A water soluble third generation poly(alkyl aryl ether) dendrimer was examined for its ability to solubilize hydrophobic polyaromatic molecules in water and facilitate non-radiative resonance energy transfer between them. One to two orders of magnitude higher aqueous solubilities of pyrene (PY), perylene (PE), acridine yellow (AY) and acridine orange (AO) were observed in presence of a defined concentration of the dendrimer. A reduction in the quantum yield of the donor PY∗emission and a partial decrease in lifetime of the donor excited state revealed the occurrence of energy transfer from dendrimer solubilized excited PY to ground state PE molecules, both present within a dendrimer.

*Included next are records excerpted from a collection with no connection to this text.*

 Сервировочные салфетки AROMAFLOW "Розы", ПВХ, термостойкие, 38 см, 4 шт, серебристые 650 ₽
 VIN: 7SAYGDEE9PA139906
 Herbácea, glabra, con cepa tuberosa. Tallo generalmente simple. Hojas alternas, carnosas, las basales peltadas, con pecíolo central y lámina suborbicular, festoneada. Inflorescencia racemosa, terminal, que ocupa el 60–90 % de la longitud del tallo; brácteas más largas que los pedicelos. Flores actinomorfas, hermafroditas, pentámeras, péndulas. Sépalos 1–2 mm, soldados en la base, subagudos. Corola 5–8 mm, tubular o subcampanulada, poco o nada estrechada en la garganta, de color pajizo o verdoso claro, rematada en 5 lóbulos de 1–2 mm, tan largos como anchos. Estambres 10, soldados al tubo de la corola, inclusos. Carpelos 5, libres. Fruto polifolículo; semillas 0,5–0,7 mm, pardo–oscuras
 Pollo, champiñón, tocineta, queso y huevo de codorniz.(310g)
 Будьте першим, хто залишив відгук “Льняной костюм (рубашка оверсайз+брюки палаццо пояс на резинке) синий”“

The energy transfer efficiency was estimated to be ∼61%. A cascade resonance energy transfer in a three component system, PY∗-to-PE-to-AY and PY∗-to-PE-to-AO, was demonstrated through incorporation of AY or AO in the two-component PY-PE system. In the three-component system, excitation of PY resulted in emission from AY or AO via a cascade energy transfer process. Careful choice of dye molecules with good spectral overlap and the employment of dendrimer as the medium enabled us to expand absorption-emission wavelengths, from ∼330 nm to ∼600 nm in aqueous solution.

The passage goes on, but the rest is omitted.